What the fairy tales didn’t tell you
Playing the role of a knight in shining armor is more complicated than it seems in the storybooks, as sixteen-year-old Joy discovers when she repeatedly comes to the rescue of a fifteen-year-old human. But when she meddles in the girl’s social life, Starra sends her packing. Starra is determined to completely dissociate herself from the subterranean creature that has manipulated her life and cast her into the limelight. However, her resolve is soon tested when she becomes involved in a critical situation where supernatural assistance can enable her to carry out a daring plot. Eventually, Starra’s involvement with her new other-wordly friends extracts a heavy price when she is beset by challenges that range from the down- to-earth struggles of a typical teenage student, to the realm of the fantastic. Nothing prepares her, however, for the ultimate challenge.
Excerpt
Joy
Ever since I’ve been old enough to kick off on a condor with my own two chicken feet, I’ve been drilled to mind my own business.
Mind your own business, the first of the American Ten Commandments.
It’s not one I subscribe to, even though in our community, not minding my own business means more than social suicide; it’s a crime when we ascend above ground.
For thousands of years we deeems have kept away from the creatures running over our heads with their five-toed feet. So if anyone in my community gets wind of the risky job I’m on these days, I’m practically a goner. But that doesn’t stop me from shadowing a certain teenage fivetoe.
There’s also a totally different occupational hazard involved in this position I’ve created for myself, one I’m suffering from right now: this job occasionally makes school seem relatively stimulating. Yawn. I’ve played too many Angry Condor games to count since Starra got involved in some fantasy book a couple of hours ago and lost contact with the real world. Even if I knew how to become visible to the fivetoe eye and suddenly revealed myself, I bet she wouldn’t notice me, the cute teen perched on her windowsill.
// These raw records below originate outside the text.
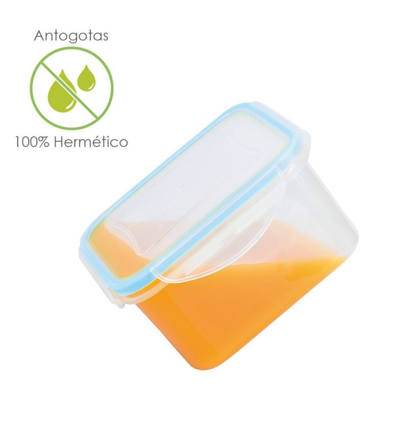 - Recipientes herméticos para una mejor conservación y un transporte sin derrames. Las tapas cuentan con un sistema de 4 cierres de bloqueo además están realizadas en silicona inyectada que se adhiere al recipiente aislando los alimentos de gérmenes y olores externos y favoreciendo su perfecta conservación.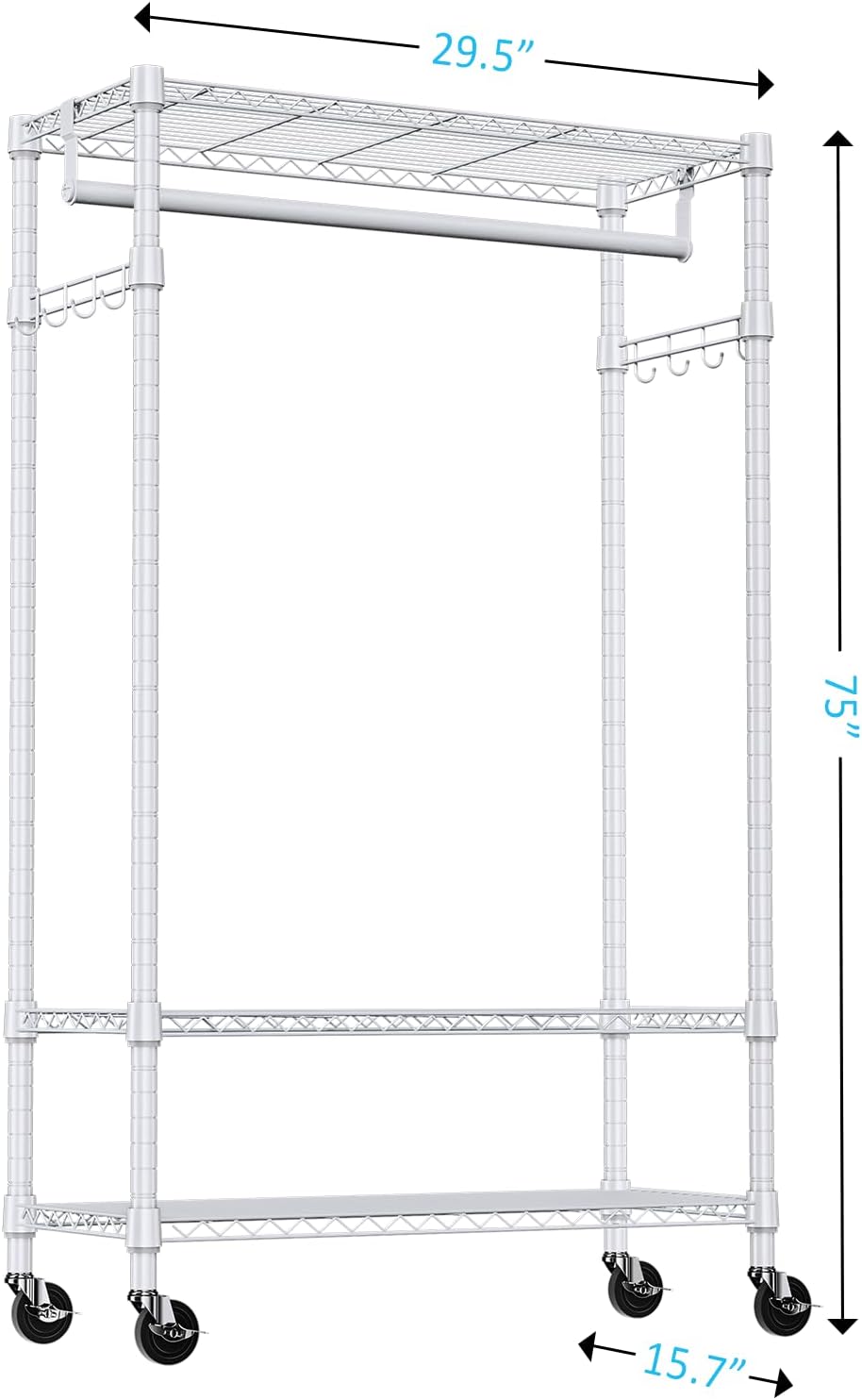 IZEUK Heavy Duty Rolling Garment Rack with 3 Adjustable Wire Shelves, Hanging Rod & Side Hooks - Mobile Clothes Rack with Wheels, 29.5" W x 15.7" D x 75" H, White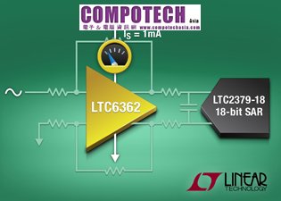 2012 年5月3日– 凌力爾特 (Linear Technology)日前發表低功耗全差動放大器LTC6362,可透過僅1mA供應電流驅動高精準16位元及18位元SAR ADC。該元件具備 200μV最大輸入補償電壓和3.9nV/√Hz輸入參考雜訊,使其非常適合精密工業和資料採集應用。

Time simply refuses to advance, and I have to resort to counting the spider eggs cocooned in their nest on a nearby tree branch. A sudden sigh interrupts my lame occupation. There’s a starry look in the big eyes, and I notice the novel is slipping out of Starra’s dreamy grip. This is my window of opportunity! I finger the starchy edge of the book jacket and coax the book forward.
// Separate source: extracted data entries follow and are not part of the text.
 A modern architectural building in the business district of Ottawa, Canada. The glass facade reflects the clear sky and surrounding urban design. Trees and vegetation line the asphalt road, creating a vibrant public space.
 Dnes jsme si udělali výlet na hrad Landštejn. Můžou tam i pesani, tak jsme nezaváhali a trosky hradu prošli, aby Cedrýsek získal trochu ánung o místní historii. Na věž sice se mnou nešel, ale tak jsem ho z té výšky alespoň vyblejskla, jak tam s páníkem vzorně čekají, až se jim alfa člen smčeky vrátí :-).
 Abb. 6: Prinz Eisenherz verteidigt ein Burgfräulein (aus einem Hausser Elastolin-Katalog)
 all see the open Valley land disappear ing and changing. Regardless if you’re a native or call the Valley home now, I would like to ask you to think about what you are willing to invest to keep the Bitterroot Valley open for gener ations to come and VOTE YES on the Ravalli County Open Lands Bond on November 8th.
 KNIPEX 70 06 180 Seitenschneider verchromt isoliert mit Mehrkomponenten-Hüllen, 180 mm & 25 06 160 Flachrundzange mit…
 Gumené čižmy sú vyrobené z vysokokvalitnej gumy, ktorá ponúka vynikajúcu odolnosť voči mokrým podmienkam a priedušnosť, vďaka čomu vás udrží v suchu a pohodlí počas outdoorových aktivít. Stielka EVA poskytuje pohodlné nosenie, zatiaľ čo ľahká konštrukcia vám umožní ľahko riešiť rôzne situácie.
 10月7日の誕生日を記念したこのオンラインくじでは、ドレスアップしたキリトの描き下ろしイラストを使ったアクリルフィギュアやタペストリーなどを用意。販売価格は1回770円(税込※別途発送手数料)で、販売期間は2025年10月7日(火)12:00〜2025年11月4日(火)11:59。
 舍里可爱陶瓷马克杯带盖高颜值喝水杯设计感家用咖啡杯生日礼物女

Thud. The book falls to the floor, and the movement seems to bring Starra back to her senses. At last she grabs a hoodie and sets out, probably for one of her night excursions on the Vista Del Mar Path. Are we running or biking tonight?
Running it is. I jog behind her, finding the excursion by the shoreline an improvement to watching her read. At least we are moving.
She runs for half an hour, at a speed faster than the sea turtle pace usual for fivetoes. Then she slows to a stop at a jagged rock, half-submerged in the ocean. I groan quietly and contemplate leaving. From experience, I know she’ll climb to the top of her rock and dream away. I start backing off, but when I’m some fifty feet away, I look back. Starra makes a pretty picture there, her silhouette perched high on the rock. Her long legs are tucked under her, and her head hangs back as she keeps her gaze on the stars above. If only she would let loose the heavy dark mane of hair she always twists up at the back of her neck, she would truly look like a mermaid risen from the sea.
Something pulls me back to her. I can’t explain it, but I have a feeling trouble is lurking nearby, waiting to snatch her in its net.
My chicken feet make an about face and follow Starra home as she takes the shorter route through town.